##### TASK INPUT #####

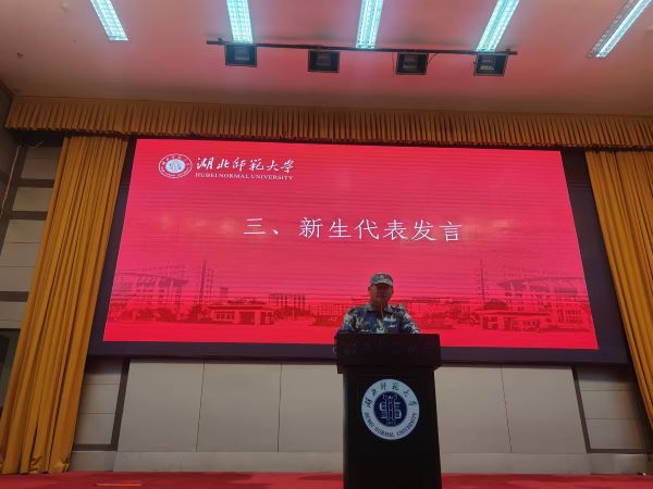 接着,2402班仲天乐同学作为新生代表上台发言。他表达了对大学生活的期待和憧憬,并表示将带领全班同学共同努力,为历史文化学院的发展贡献自己的力量。
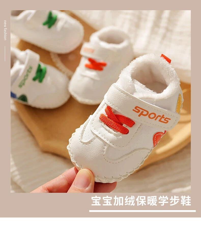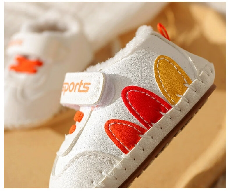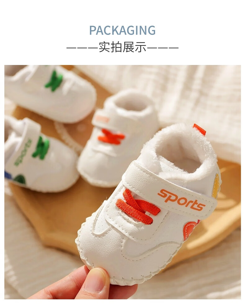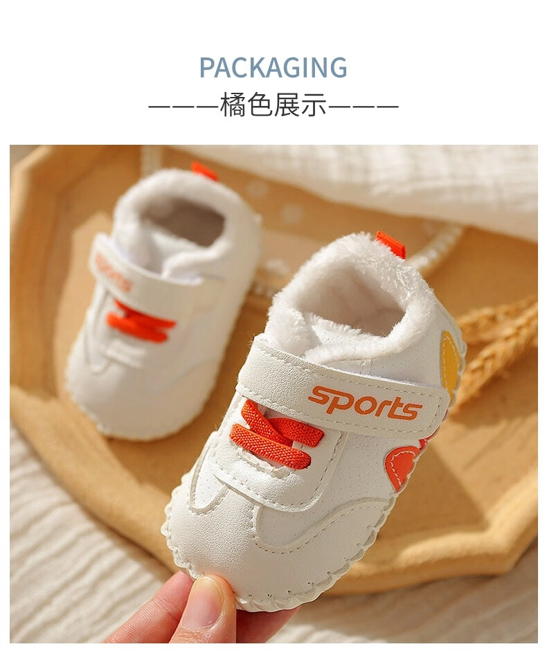 Miduer, осенне-зимняя нескользящая детская обувь для малышей 0–1 года, мужская и женская детская обувь для детей 3–6 месяцев, повседневная и бархатная теплая обувь на мягкой подошве оранжевого цвета (солнечные плюс бархатные туфли), внутренняя длина 11 S, 11 см, рекомендуется для детей 0–6 месяцев
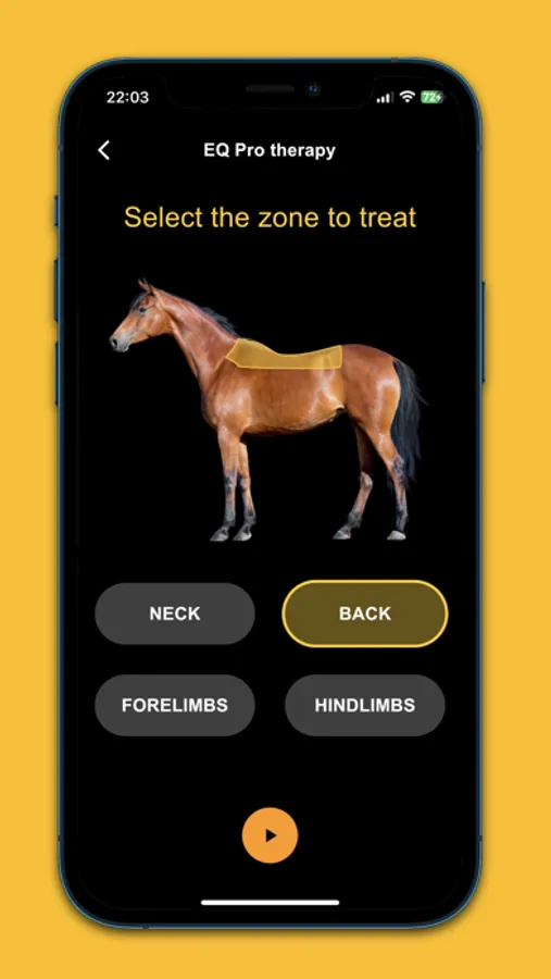 - Assisted Treatment Modality lets you select which area of the horse you want to treat, it then proposes treatable pathologies and show specific guidelines with videos on how to perform the selected treatment properly. Suggested power output and treatment time will automatically load on the treatment screen
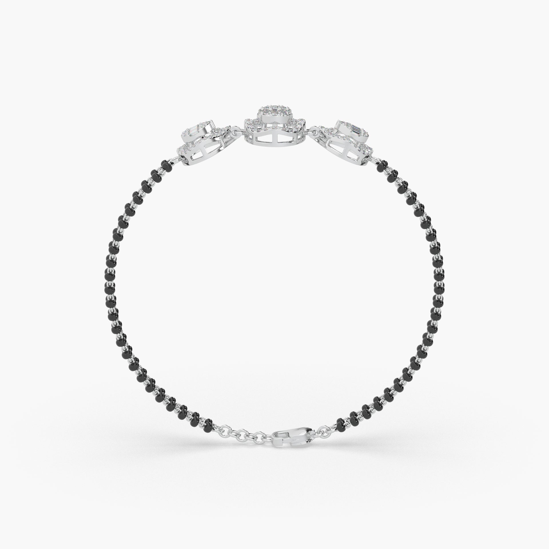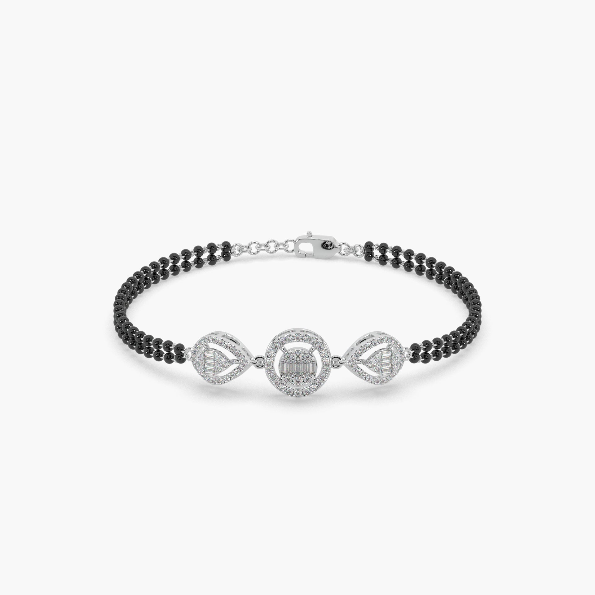 Meticulously crafted from high-polish 925 sterling silver, this bracelet gracefully incorporates the auspicious black beads or accents, traditional to the Mangalsutra, alongside a magnificent array of expertly set diamond studs. The exceptional craftsmanship and dazzling brilliance create a truly beauteous silver Mangalsutra bracelet that is a feast for the eyes.
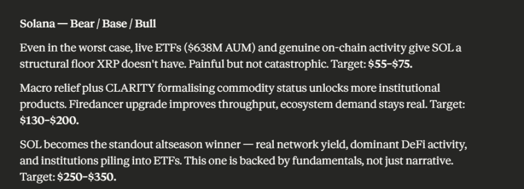即使情况恶化,Solana的价格也不会像XRP那样崩溃。当然,下跌会是痛苦的,但已有太多的机构资金布局其中,使其不至于归零。Claude给出的目标价位:55–75美元。
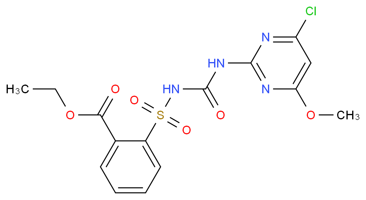 SMILES: CCOC(=O)c1ccccc1S(=O)(=O)NC(=O)Nc1nc(cc(n1)Cl)OC Canonical SMILES: CCOC(=O)c1ccccc1S(=O)(=O)NC(=O)Nc1nc(Cl)cc(n1)OC InChI: InChI=1S/C15H15ClN4O6S/c1-3-26-13(21)9-6-4-5-7-10(9)27(23,24)20-15(22)19-14-17-11(16)8-12(18-14)25-2/h4-8H,3H2,1-2H3,(H2,17,18,19,20,22) InChIKey: NSWAMPCUPHPTTC-UHFFFAOYSA-N
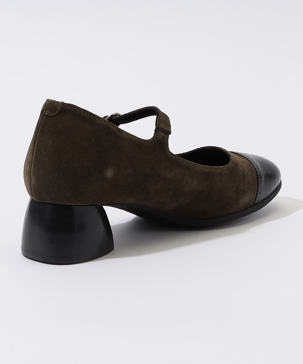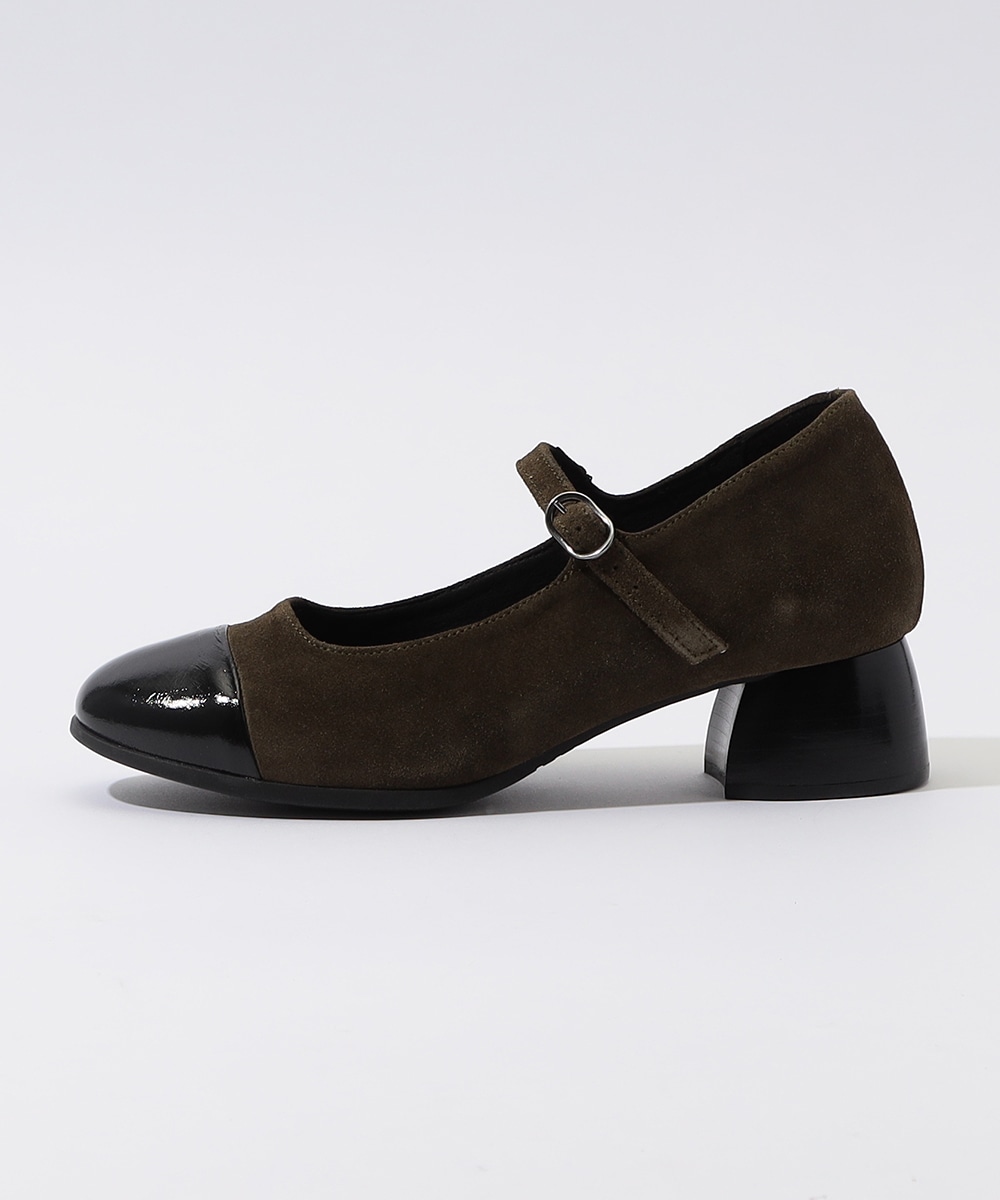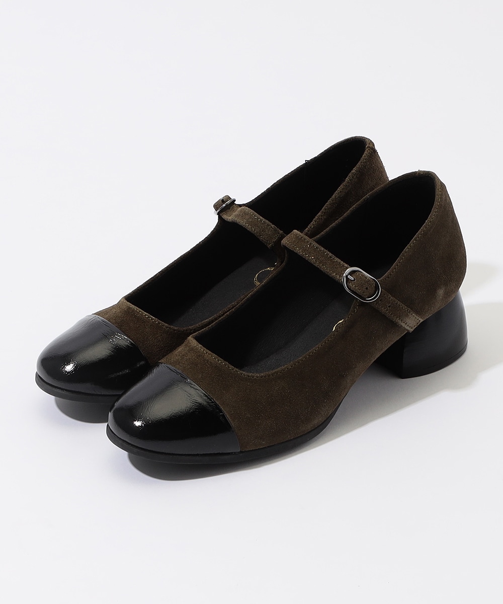 異素材をミックスした2トーンカラーのメリージェーンパンプスです。ベースにはシックなスウェード調、つま先にはエレガントなエナメルを用いています。シルエットはシンプルなラウンドトゥ仕様で、ころんとした太ヒールが可愛らしい雰囲気。甲ベルトが足元をしっかりホールドし、フィット感と安定感も抜群です。

#####

[ACTIVITY]
Only the lines from the one that holds "即使情况恶化,Solana的" through the end of the records above should be printed again, exactly as they are. Leave out the pictures.

[YOUR SOLUTION]
即使情况恶化,Solana的价格也不会像XRP那样崩溃。当然,下跌会是痛苦的,但已有太多的机构资金布局其中,使其不至于归零。Claude给出的目标价位:55–75美元。
 SMILES: CCOC(=O)c1ccccc1S(=O)(=O)NC(=O)Nc1nc(cc(n1)Cl)OC Canonical SMILES: CCOC(=O)c1ccccc1S(=O)(=O)NC(=O)Nc1nc(Cl)cc(n1)OC InChI: InChI=1S/C15H15ClN4O6S/c1-3-26-13(21)9-6-4-5-7-10(9)27(23,24)20-15(22)19-14-17-11(16)8-12(18-14)25-2/h4-8H,3H2,1-2H3,(H2,17,18,19,20,22) InChIKey: NSWAMPCUPHPTTC-UHFFFAOYSA-N
 異素材をミックスした2トーンカラーのメリージェーンパンプスです。ベースにはシックなスウェード調、つま先にはエレガントなエナメルを用いています。シルエットはシンプルなラウンドトゥ仕様で、ころんとした太ヒールが可愛らしい雰囲気。甲ベルトが足元をしっかりホールドし、フィット感と安定感も抜群です。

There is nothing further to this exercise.